EXERCISE OBJECTIVE:
Without adding anything, give again the lines from the one holding "and Adaptive Cyber-physical" through the final line of the records, exactly, with both ends included and pictures dropped.

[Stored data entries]
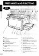 PART NAMES AND FUNCTIONS Lila ity lilo AR} SUZHOU) PUE SEUSS Ugy @ Handles @ Roller rotating knobs Turn to remove missed paper. (® Side paper cassette Holds 500 sheets of paper. @ Transport lever Turn o open the transport section. @ Photo conductive drum Copy images are formed on the photo conductive & Toner collecting container cum. Used toner is collected sere. Replace when the indicator blinks. @ Corona unit The unit is used to charge the photo conductive Accessories drum. Paper casserole. tray .
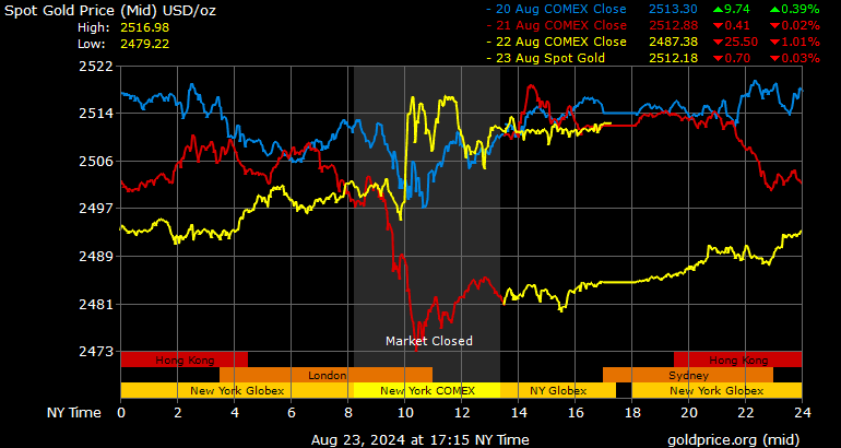 Trên thị trường vàng thế giới, giá vàng giao ngay chốt phiên hôm qua tại Mỹ tăng 27,8 USD lên 2.512,5 USD/ounce.
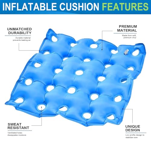 - 【High-quality PVC Material】The inflatable seat cushion is made of high quality PVC which makes it easy to clean, waterproof and durable. Breathable and comfortable in summer, it is not easy to sweat, and it is not easy to harden in winter.
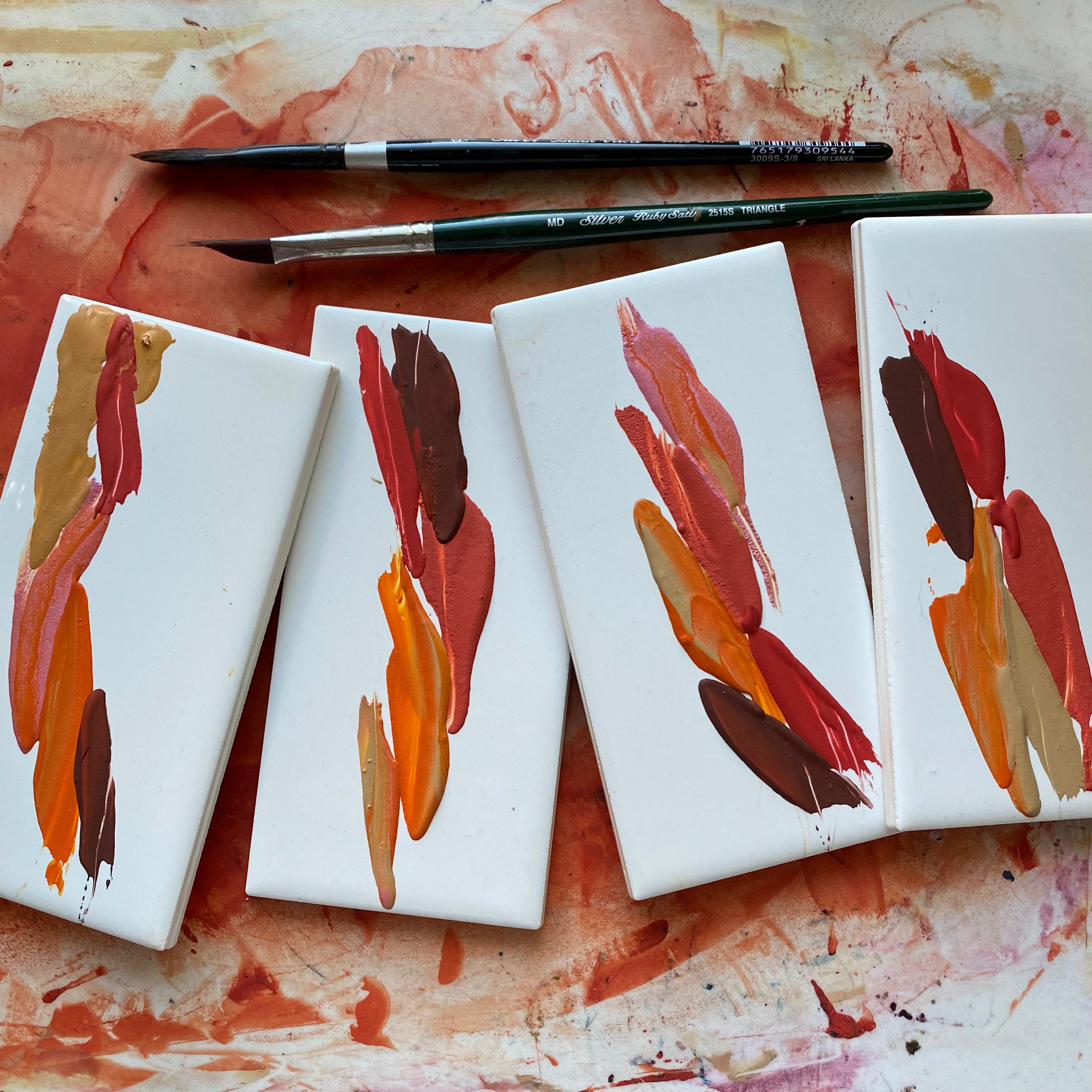#tracibautistaCOLOR FOREVER CHASING SUNSETS multi-color swatch ceramic tile + watermedia workshop.
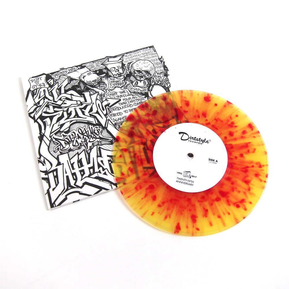 The gang's all here! The original Dirt Style collab battle record 2004 that brought together Skratchy Seal, Butchwax (Flare), Darth Fader (Qbert) and Unknown Dirtstyler (TripSpin) together on one disc. Classic scratch sounds, skipless sentences, and killer practice beats for days on this piece, now in handy 7" format. Limited edition yellow & red pressing, remastered and edited by DJ Qbert for Dirt Style's 25th anniversary.
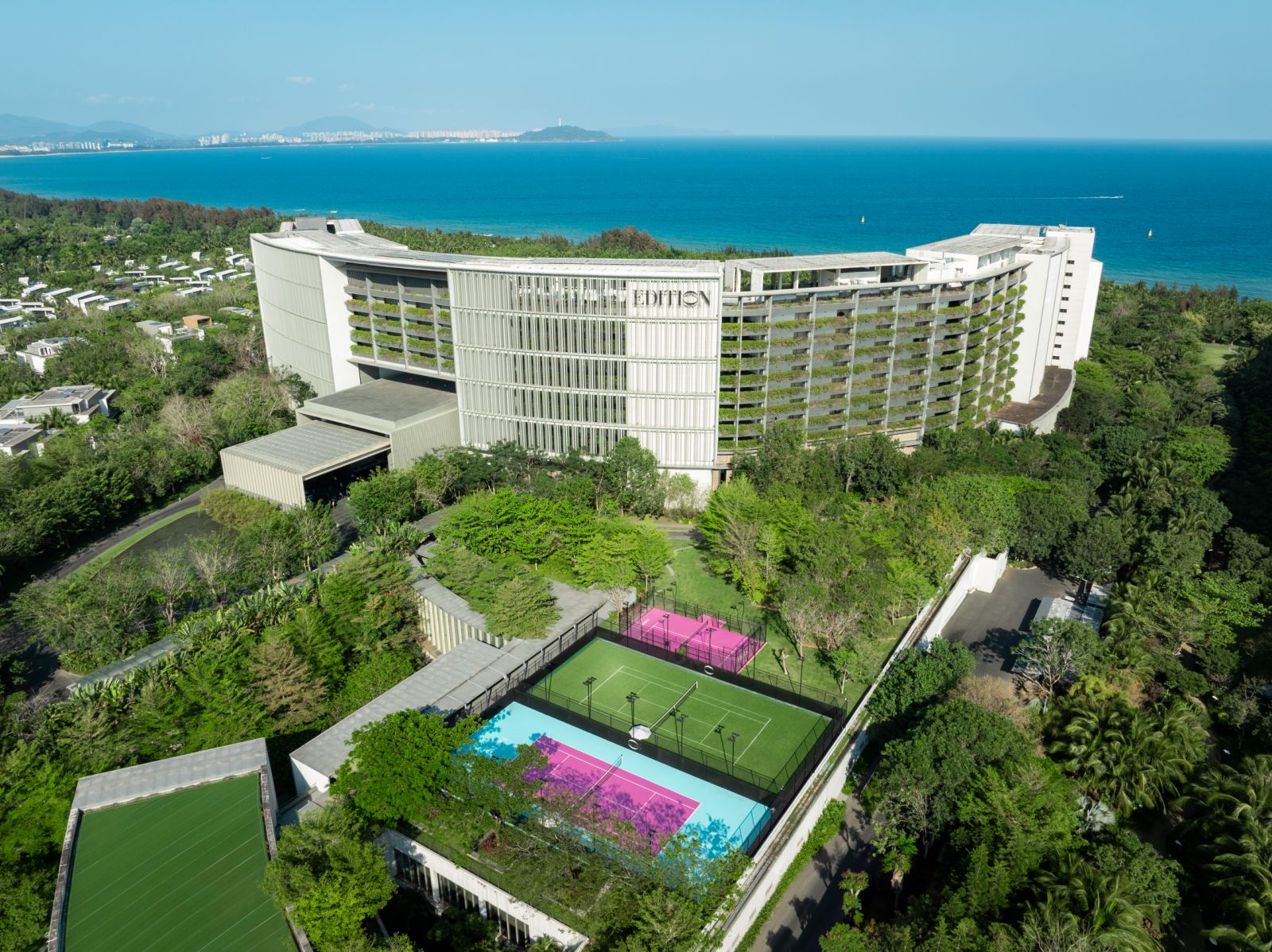 上图:三亚艾迪逊酒店,2025年新设有真草网球场、弹性丙烯酸网球场、板式网球场、匹克球场
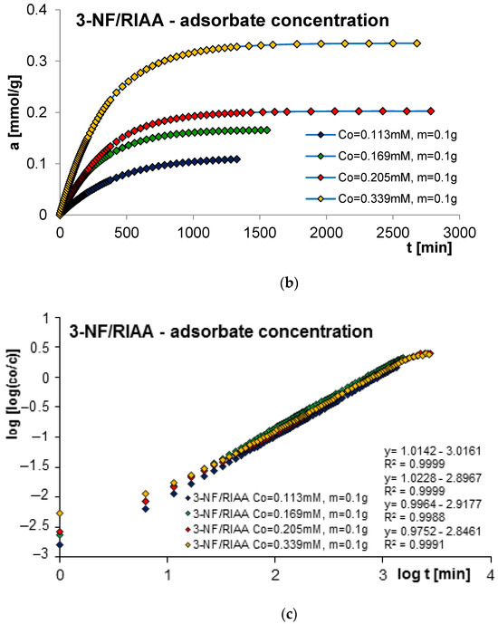 Comparison of the adsorption kinetics of 3-NF on RIAA activated carbon with constant adsorbent mass and variable initial adsorbate concentration presented in the profile of concentration changes over time (a), relative adsorption over time (b) and in Bangham’s linear coordinates (c).
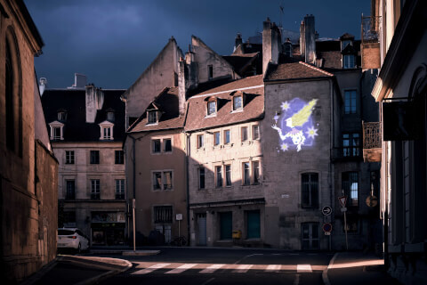 Festival Lueurs de Mantes and Light's festival of Saint Genis Laval - An illuminated art trail through the city "For thousands of years, in Mantes-la-Jolie, the Light has been preparing. It has been hidden in the bricks and blocks that form the walls of your flats, houses, car parks and shopping centres. It has infused itself, condensed in matter, soaking it with its flow as sweet as honey. The Light has waited, day after day, year after year, until one day it will burst forth and flood the human world once again. To do this, it is accompanied by a timeless people: the Scintillons. Their bodies are made of vibrations and dust of pure light. Each Scintillon is unique and embodies a note carrying a message for Humanity. For the Lueurs de Mantes festival, the Light has decided to come out of hiding. With the help of 12 volunteer Scintillons, you'll discover the messages they have to pass on to you." Les Scintillons is a luminous illustrative trail, projected with Gobo.
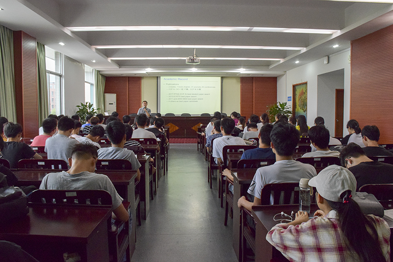 6月13日下午3点,应我院邀请,中组部青年千人计划学者,美国弗吉尼亚理工大学曾海波教授在逸夫楼201会议室作了题为"Dependable and Adaptive Cyber-physical Systems(可靠自适应的信息物理系统)"的精彩学术报告。我院院长刘建勋教授,湘潭大学信息工程学院副院长欧阳建权教授以及我院相关专业和研究所的30余位师生聆听了本次讲座,讲座由王晓亮博士主持。
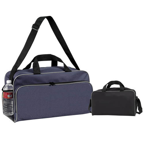 Classic duffel with en extra large imprint area, large zipper front pocket, double zipper pulls, side mesh pocket, side velcro closure compartment, and adjustable shoulder strap.
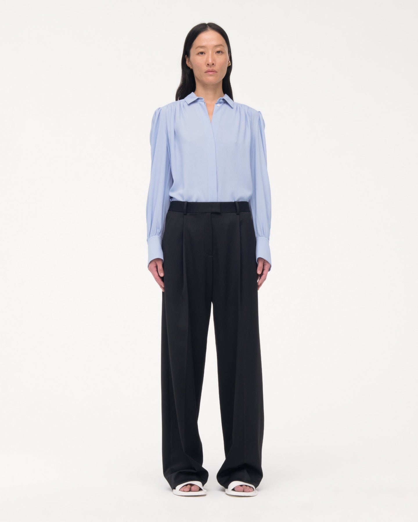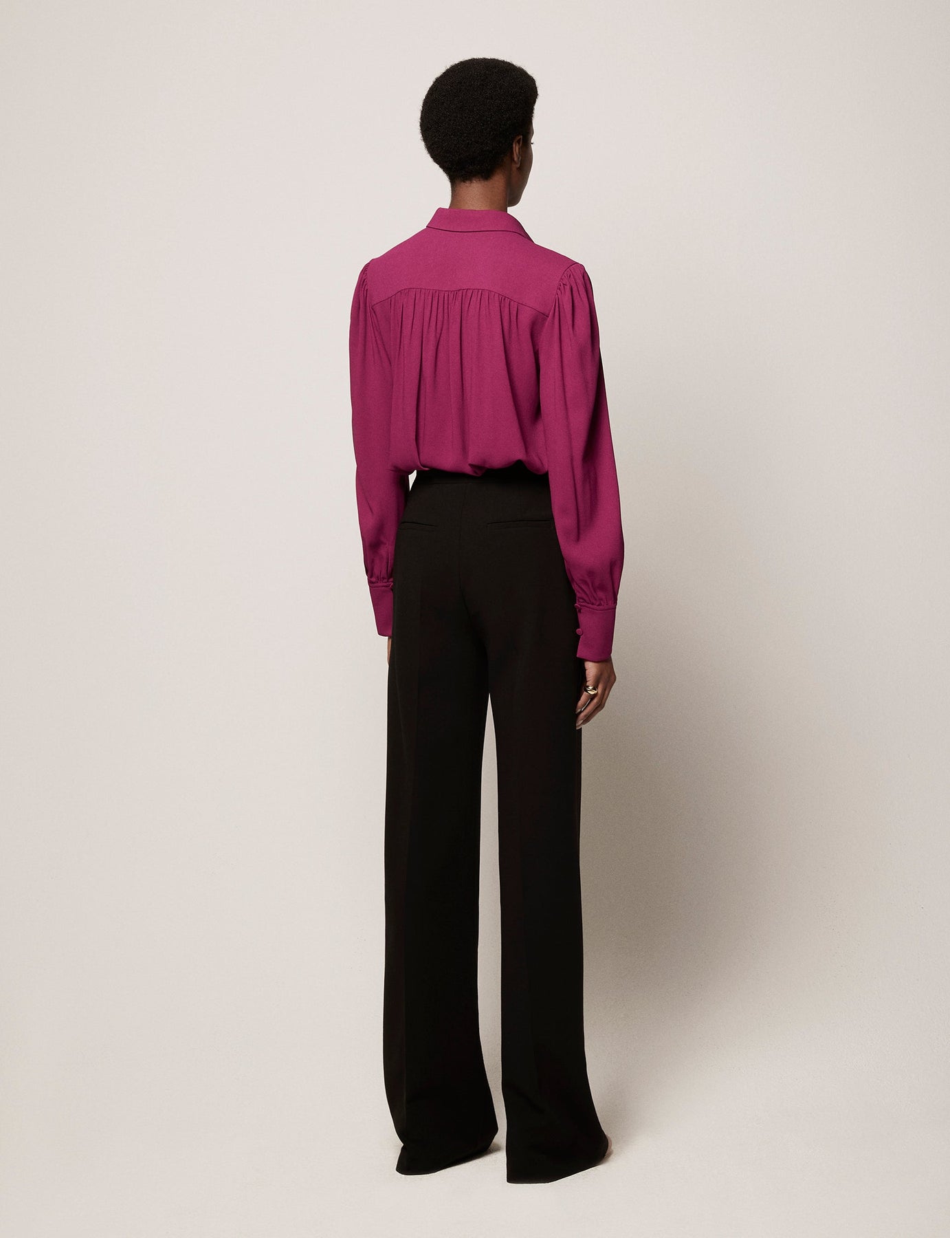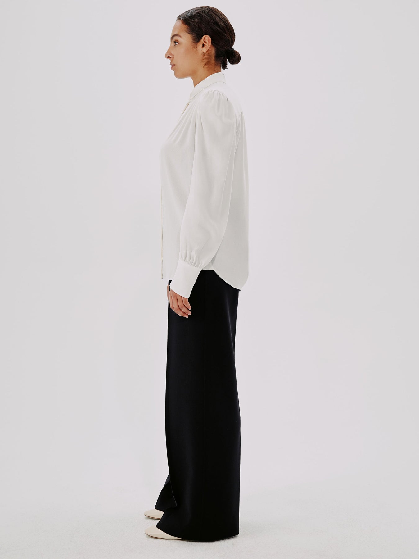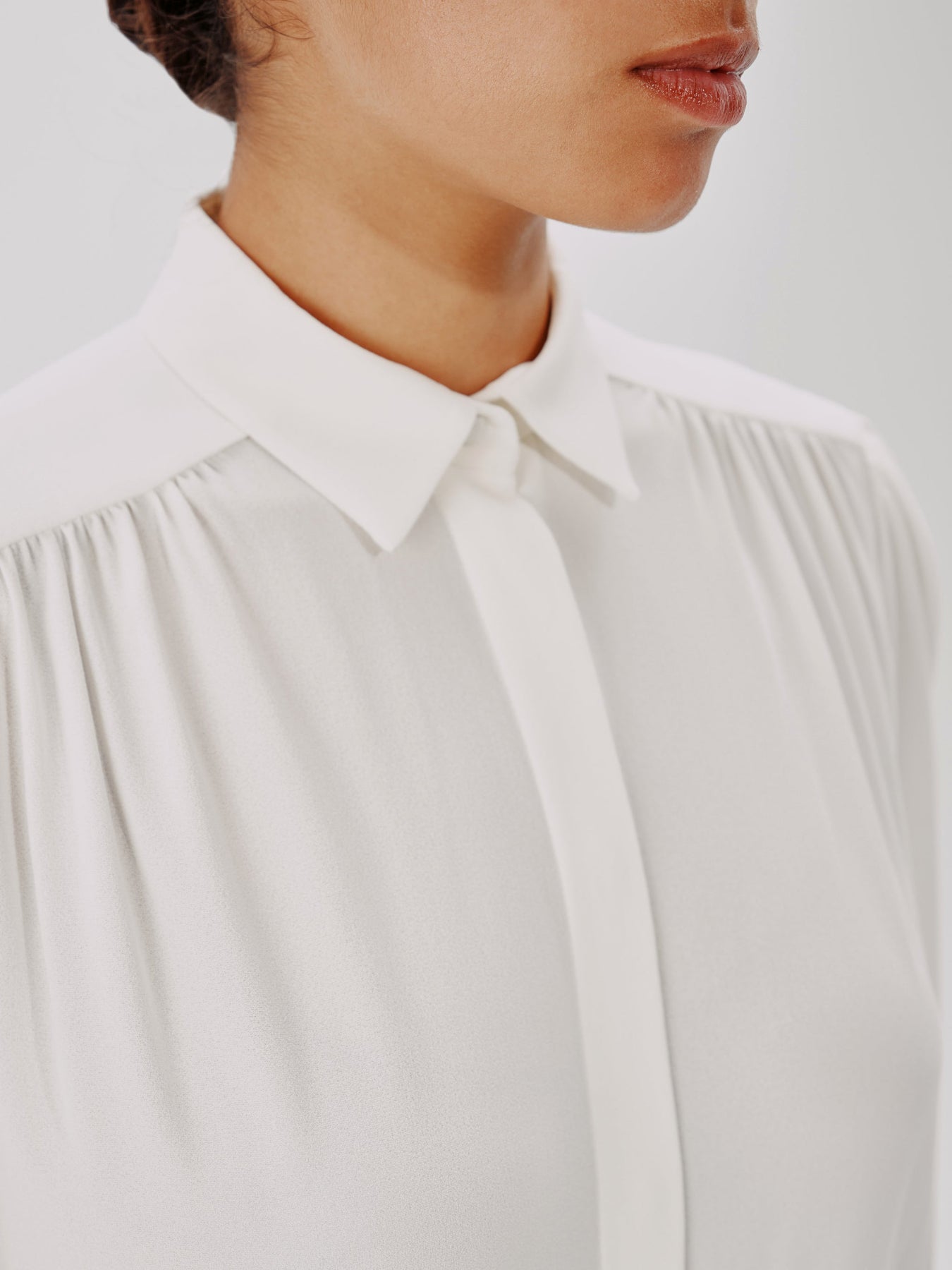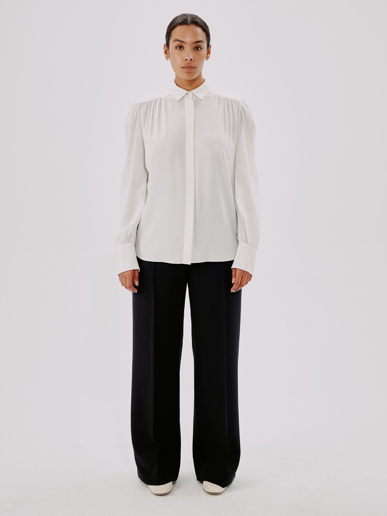 Elegant gathers throughout the body of this blouse and covered buttons at the cuff make this a detailed & impactful piece that can be dressed up or down. This style runs large; we recommend sizing down.

EXERCISE OUTPUT:
 6月13日下午3点,应我院邀请,中组部青年千人计划学者,美国弗吉尼亚理工大学曾海波教授在逸夫楼201会议室作了题为"Dependable and Adaptive Cyber-physical Systems(可靠自适应的信息物理系统)"的精彩学术报告。我院院长刘建勋教授,湘潭大学信息工程学院副院长欧阳建权教授以及我院相关专业和研究所的30余位师生聆听了本次讲座,讲座由王晓亮博士主持。
 Classic duffel with en extra large imprint area, large zipper front pocket, double zipper pulls, side mesh pocket, side velcro closure compartment, and adjustable shoulder strap.
 Elegant gathers throughout the body of this blouse and covered buttons at the cuff make this a detailed & impactful piece that can be dressed up or down. This style runs large; we recommend sizing down.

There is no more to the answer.